Patchwork memory hotplug: Correct page reservation checking

login
register
mail settings
Submitter Nathan Fontenot
Date Sept. 26, 2011, 3:22 p.m.
Message ID <4E8098B9.1080702@austin.ibm.com>
Download mbox | patch
Permalink /patch/116436/
State Not Applicable
Headers show

Comments

Nathan Fontenot - Sept. 26, 2011, 3:22 p.m.
The check to ensure that pages of recently added memory sections are correctly
marked as reserved before trying to online the memory is broken.  The request
to online the memory fails with the following:

kernel: section number XXX page number 256 not reserved, was it already online?

This updates the page reservation checking to check the pages of each memory
section of the memory block being onlined individually.

Signed-off-by: Nathan Fontenot <nfont@linux.vnet.ibm.com>
---
 drivers/base/memory.c |   60 ++++++++++++++++++++++++++++++--------------------
 1 file changed, 37 insertions(+), 23 deletions(-)
Andrew Morton - Oct. 4, 2011, 12:50 a.m.
On Mon, 26 Sep 2011 10:22:33 -0500
Nathan Fontenot <nfont@austin.ibm.com> wrote:

> The check to ensure that pages of recently added memory sections are correctly
> marked as reserved before trying to online the memory is broken.  The request
> to online the memory fails with the following:
> 
> kernel: section number XXX page number 256 not reserved, was it already online?
> 
> This updates the page reservation checking to check the pages of each memory
> section of the memory block being onlined individually.

Why was this only noticed now?  Is there something unusual about the
way in which you're using it, or has nobody ever used this code, or...?
Nathan Fontenot - Oct. 4, 2011, 2:19 p.m.
On 10/03/2011 07:50 PM, Andrew Morton wrote:
> On Mon, 26 Sep 2011 10:22:33 -0500
> Nathan Fontenot <nfont@austin.ibm.com> wrote:
> 
>> The check to ensure that pages of recently added memory sections are correctly
>> marked as reserved before trying to online the memory is broken.  The request
>> to online the memory fails with the following:
>>
>> kernel: section number XXX page number 256 not reserved, was it already online?
>>
>> This updates the page reservation checking to check the pages of each memory
>> section of the memory block being onlined individually.
> 
> Why was this only noticed now?  Is there something unusual about the
> way in which you're using it, or has nobody ever used this code, or...?
> 

As far as I know it is only the powerpc/pseries code that uses the feature that
allows memory blocks in sysfs to span multiple memory sections.  We do this
because on pseries memory add/remove is done on a per LMB basis and we can have
machine where an LMB spans multiple memory sections.
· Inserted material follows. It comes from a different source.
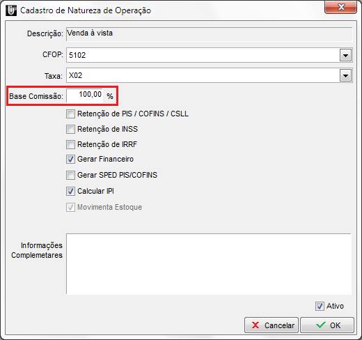 Acesse Configurações > Operações de ICMS/ISS > Naturezas... Abra o cadastro do CFOP utilizado nas vendas. A Base Comissão deve estar preenchida com a porcentagem sobre a qual será paga a comissão do vendedor.

This was just noticed due to a lack of testing between the 2.6.38/39 kernels where
this feature originally went in and the current mainline kernel.

-Nathan

Patch

Index: linux/drivers/base/memory.c
===================================================================
--- linux.orig/drivers/base/memory.c	2011-09-26 08:33:14.000000000 -0500
+++ linux/drivers/base/memory.c	2011-09-26 08:42:14.000000000 -0500
@@ -227,41 +227,42 @@ 
  * MEMORY_HOTPLUG depends on SPARSEMEM in mm/Kconfig, so it is
  * OK to have direct references to sparsemem variables in here.
  */
+static int check_page_reservations(unsigned long phys_index)
+{
+	int i;
+	struct page *page;
+
+	page = pfn_to_page(phys_index << PFN_SECTION_SHIFT);
+
+	for (i = 0; i < PAGES_PER_SECTION; i++) {
+		if (PageReserved(page + i))
+			continue;
+
+		printk(KERN_WARNING "section number %ld page number %d "
+			"not reserved, was it already online?\n", phys_index, i);
+			return -EBUSY;
+	}
+
+	return 0;
+}
+
 static int
 memory_block_action(unsigned long phys_index, unsigned long action)
 {
-	int i;
 	unsigned long start_pfn, start_paddr;
 	unsigned long nr_pages = PAGES_PER_SECTION * sections_per_block;
-	struct page *first_page;
+	struct page *page;
 	int ret;
 
-	first_page = pfn_to_page(phys_index << PFN_SECTION_SHIFT);
-
-	/*
-	 * The probe routines leave the pages reserved, just
-	 * as the bootmem code does.  Make sure they're still
-	 * that way.
-	 */
-	if (action == MEM_ONLINE) {
-		for (i = 0; i < nr_pages; i++) {
-			if (PageReserved(first_page+i))
-				continue;
-
-			printk(KERN_WARNING "section number %ld page number %d "
-				"not reserved, was it already online?\n",
-				phys_index, i);
-			return -EBUSY;
-		}
-	}
+	page = pfn_to_page(phys_index << PFN_SECTION_SHIFT);
 
 	switch (action) {
 		case MEM_ONLINE:
-			start_pfn = page_to_pfn(first_page);
+			start_pfn = page_to_pfn(page);
 			ret = online_pages(start_pfn, nr_pages);
 			break;
 		case MEM_OFFLINE:
-			start_paddr = page_to_pfn(first_page) << PAGE_SHIFT;
+			start_paddr = page_to_pfn(page) << PAGE_SHIFT;
 			ret = remove_memory(start_paddr,
 					    nr_pages << PAGE_SHIFT);
 			break;
@@ -277,7 +278,7 @@ 
 static int memory_block_change_state(struct memory_block *mem,
 		unsigned long to_state, unsigned long from_state_req)
 {
-	int ret = 0;
+	int i, ret = 0;
 
 	mutex_lock(&mem->state_mutex);
 
@@ -289,6 +290,19 @@ 
 	if (to_state == MEM_OFFLINE)
 		mem->state = MEM_GOING_OFFLINE;
 
+	if (to_state == MEM_ONLINE) {
+		/*
+		 * The probe routines leave the pages reserved, just
+		 * as the bootmem code does.  Make sure they're still
+		 * that way.
+		 */
+		for (i = 0; i < sections_per_block; i++) {
+			ret = check_page_reservations(mem->start_section_nr + i);
+			if (ret)
+				return ret;
+		}
+	}
+
 	ret = memory_block_action(mem->start_section_nr, to_state);
 
 	if (ret)